Recreate the listing that follows line for line, without pictures.

◆ **Given data**
- - - -
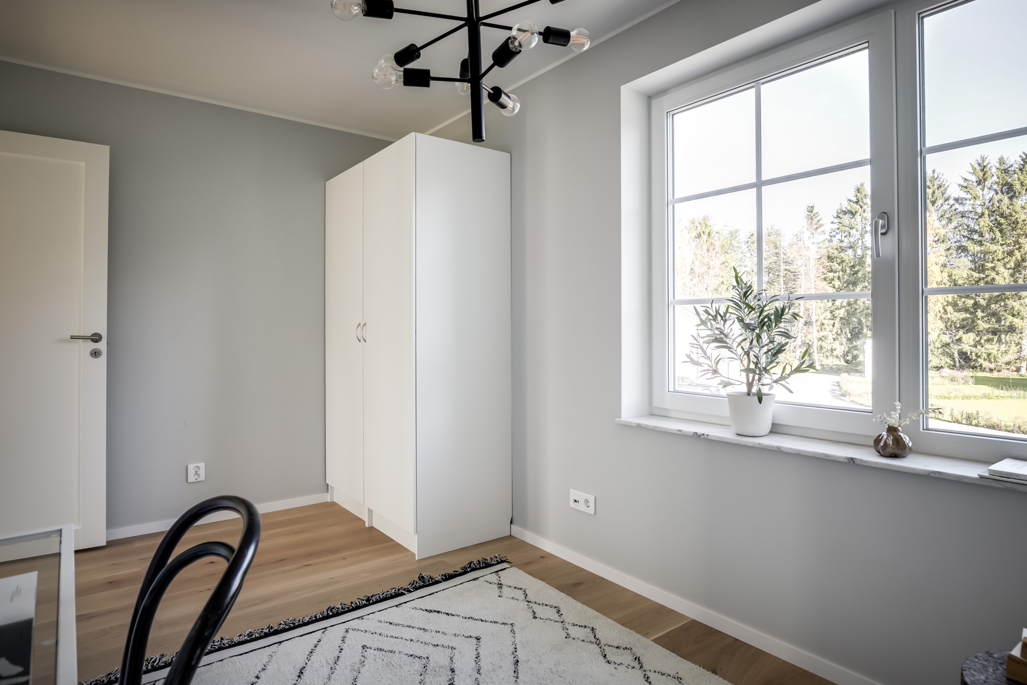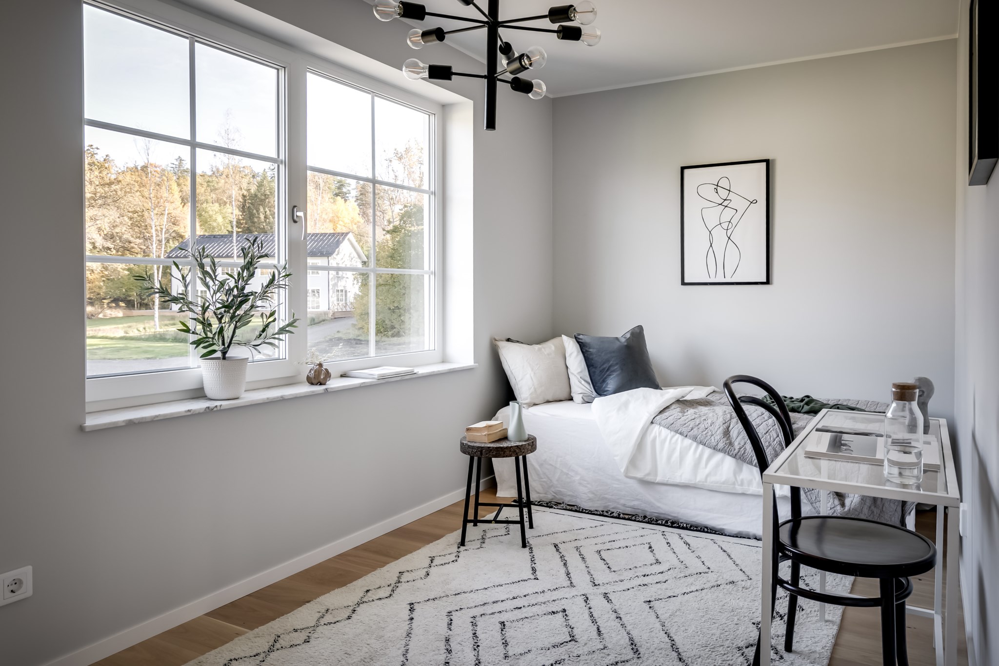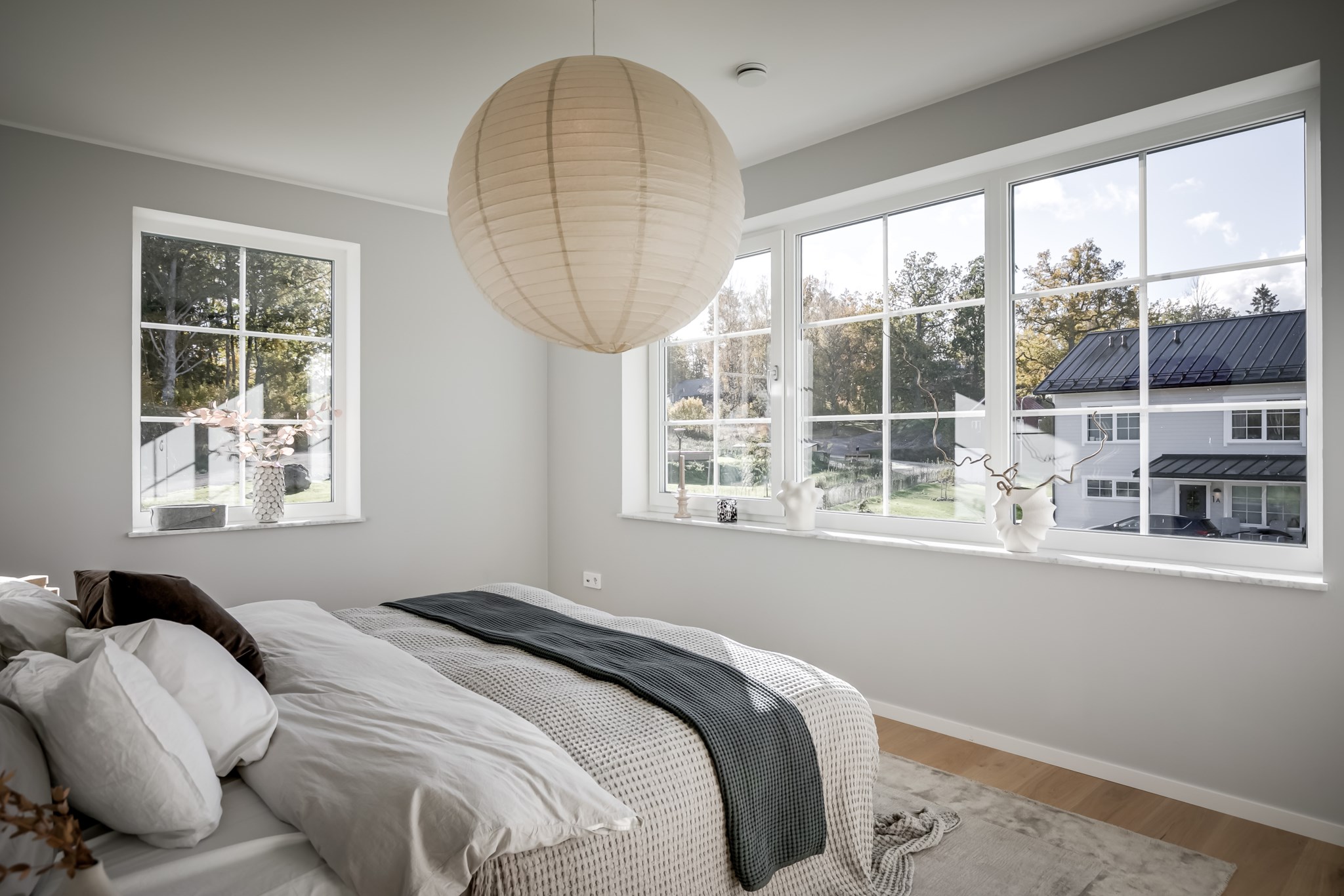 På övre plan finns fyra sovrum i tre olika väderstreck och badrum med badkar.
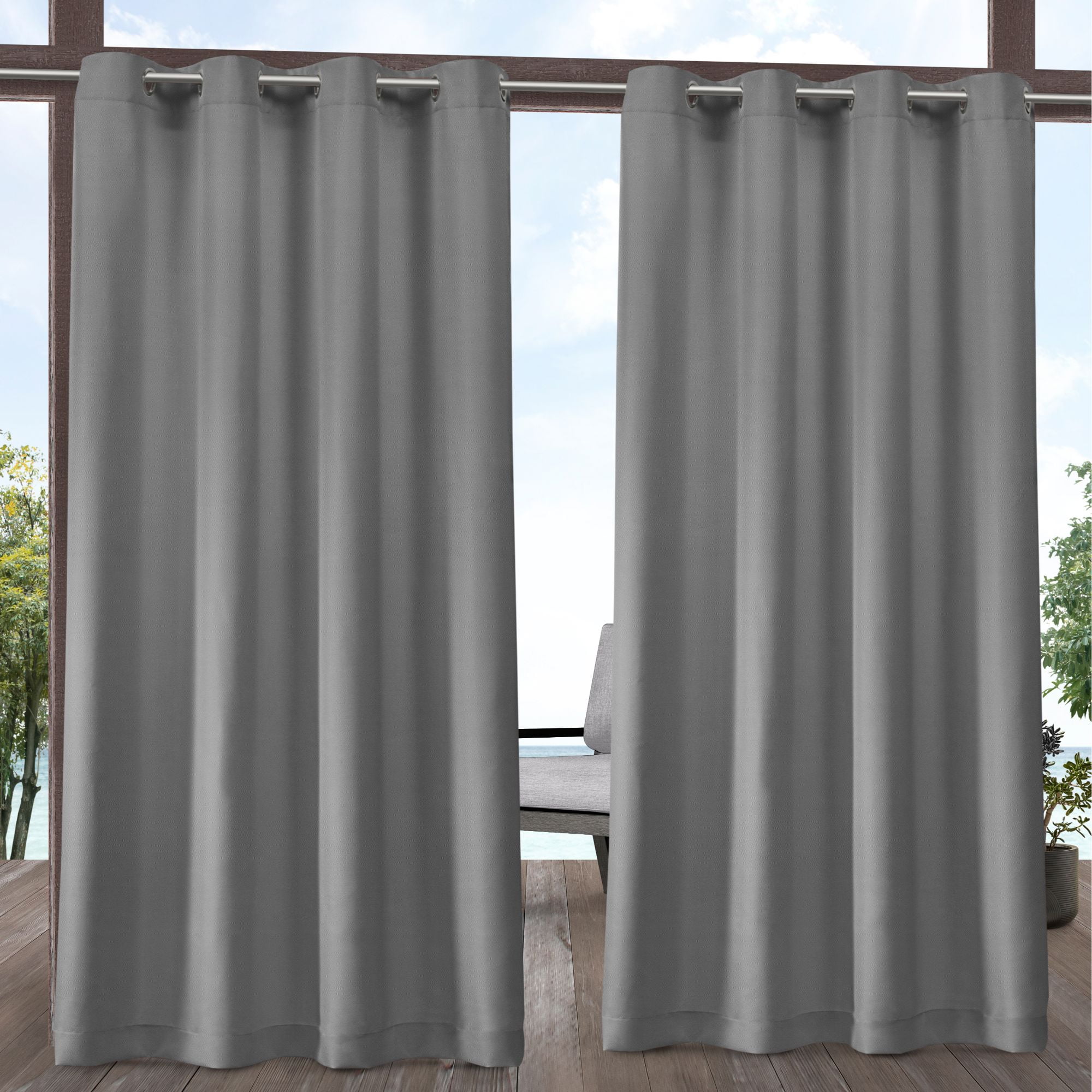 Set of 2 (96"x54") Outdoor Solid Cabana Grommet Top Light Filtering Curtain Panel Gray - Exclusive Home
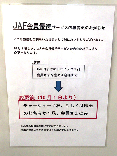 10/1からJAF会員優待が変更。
- - - -
◆ **Exercise response**
 På övre plan finns fyra sovrum i tre olika väderstreck och badrum med badkar.
 Set of 2 (96"x54") Outdoor Solid Cabana Grommet Top Light Filtering Curtain Panel Gray - Exclusive Home
 10/1からJAF会員優待が変更。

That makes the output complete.